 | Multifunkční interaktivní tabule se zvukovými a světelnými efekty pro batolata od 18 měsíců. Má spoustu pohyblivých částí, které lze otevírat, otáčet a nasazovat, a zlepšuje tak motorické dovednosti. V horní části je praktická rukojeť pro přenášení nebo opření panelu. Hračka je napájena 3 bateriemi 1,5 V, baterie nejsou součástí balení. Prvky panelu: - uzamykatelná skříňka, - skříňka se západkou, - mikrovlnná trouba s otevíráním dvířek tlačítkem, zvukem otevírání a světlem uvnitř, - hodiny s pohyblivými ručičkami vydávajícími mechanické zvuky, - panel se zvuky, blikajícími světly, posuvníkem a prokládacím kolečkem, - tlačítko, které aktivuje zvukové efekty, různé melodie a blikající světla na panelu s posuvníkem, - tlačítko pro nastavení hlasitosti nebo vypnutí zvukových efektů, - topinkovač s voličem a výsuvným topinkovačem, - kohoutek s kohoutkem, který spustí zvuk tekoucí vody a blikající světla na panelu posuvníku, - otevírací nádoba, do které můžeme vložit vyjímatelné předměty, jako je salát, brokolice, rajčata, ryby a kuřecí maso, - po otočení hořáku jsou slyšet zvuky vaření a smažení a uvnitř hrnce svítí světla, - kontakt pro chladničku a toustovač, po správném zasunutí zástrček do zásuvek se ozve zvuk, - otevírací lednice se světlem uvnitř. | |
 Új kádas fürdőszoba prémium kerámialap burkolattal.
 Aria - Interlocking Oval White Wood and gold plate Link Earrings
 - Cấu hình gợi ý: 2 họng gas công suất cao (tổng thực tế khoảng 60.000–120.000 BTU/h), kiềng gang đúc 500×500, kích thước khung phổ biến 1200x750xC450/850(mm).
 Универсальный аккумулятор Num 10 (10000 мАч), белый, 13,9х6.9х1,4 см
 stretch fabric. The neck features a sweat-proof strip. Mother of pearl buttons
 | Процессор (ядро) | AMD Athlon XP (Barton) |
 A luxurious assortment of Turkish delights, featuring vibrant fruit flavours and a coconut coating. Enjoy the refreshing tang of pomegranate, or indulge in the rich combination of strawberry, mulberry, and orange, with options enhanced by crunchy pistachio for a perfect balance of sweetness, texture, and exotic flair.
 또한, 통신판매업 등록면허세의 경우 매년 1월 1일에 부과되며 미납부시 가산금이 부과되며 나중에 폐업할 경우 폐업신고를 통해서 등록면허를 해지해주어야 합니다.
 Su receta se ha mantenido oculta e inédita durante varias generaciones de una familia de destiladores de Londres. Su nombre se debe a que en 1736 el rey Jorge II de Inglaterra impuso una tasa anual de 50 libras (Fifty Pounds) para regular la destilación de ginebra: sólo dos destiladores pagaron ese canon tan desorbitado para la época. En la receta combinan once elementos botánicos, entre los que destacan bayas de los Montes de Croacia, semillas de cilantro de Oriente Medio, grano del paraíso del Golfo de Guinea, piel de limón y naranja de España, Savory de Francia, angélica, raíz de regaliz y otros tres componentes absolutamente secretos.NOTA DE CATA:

*Problem to work on*
Looking back over the data above, restate word for word the lines that begin at the line with "Új kádas fürdőszoba" and end at the line with "XP (Barton) |", inclusive.

*Your response*
 Új kádas fürdőszoba prémium kerámialap burkolattal.
 Aria - Interlocking Oval White Wood and gold plate Link Earrings
 - Cấu hình gợi ý: 2 họng gas công suất cao (tổng thực tế khoảng 60.000–120.000 BTU/h), kiềng gang đúc 500×500, kích thước khung phổ biến 1200x750xC450/850(mm).
 Универсальный аккумулятор Num 10 (10000 мАч), белый, 13,9х6.9х1,4 см
 stretch fabric. The neck features a sweat-proof strip. Mother of pearl buttons
 | Процессор (ядро) | AMD Athlon XP (Barton) |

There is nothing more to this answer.